Could England’s grasslands store more carbon than forests?
By managing England’s grasslands less intensively, they could potentially store more carbon than forests, finds research from the Grasslands Trust.
In a new report, the Grasslands Trust highlights the importance of grasslands and challenges policy makers to re-examine the importance of this resource and the threats it continues to face. The report ‘Nature’s Tapestry’ identifies the opportunity to massively increase the amount of carbon stored in grassland soils.
The report sets out a series of recommendations which would make a real impact on the Grassland Trust’s mission to halt and reverse the current decline of grasslands – nine tenths of which have been lost in the last 70 years. The report explains why grasslands are important – including the ecosystem services that they provide such as carbon mitigation.

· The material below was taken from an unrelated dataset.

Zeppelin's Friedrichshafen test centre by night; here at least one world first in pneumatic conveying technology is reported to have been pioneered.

They argue that absorbing CO2 through tree planting has come to be ‘the poster child’ for efforts to fight climate change. There are many carbon offsetting schemes based around tree planting – under the assumption that it successfully locks away carbon as the trees grow. However, recent studies have revealed that England’s semi-natural grasslands actually store more carbon than forests – in fact, at 300 megatonnes of carbon, grasslands lock up 20 per cent of all soil carbon in the UK.

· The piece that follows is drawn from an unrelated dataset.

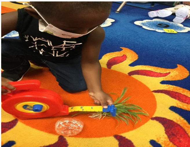
Little Dippers (PS3) Learning about Measurement

Wildlife rich grasslands store more carbon in their soils than those which are intensively managed –over 3 tonnes/hectare each year of carbon can be sequestered into grasslands, where intensive management has been withdrawn. This is almost as much as is sequestered into Sitka Spruce plantations. The report highlights that if farmers and landowners were able to reduce intensive management practices on grasslands – such as high use of chemical fertiliser – England’s capacity to store carbon in grassland soils, would significantly increase, as well as providing habitat for threatened wildlife, and other critical ‘ecosystem services’ such as crop pollination and water purification.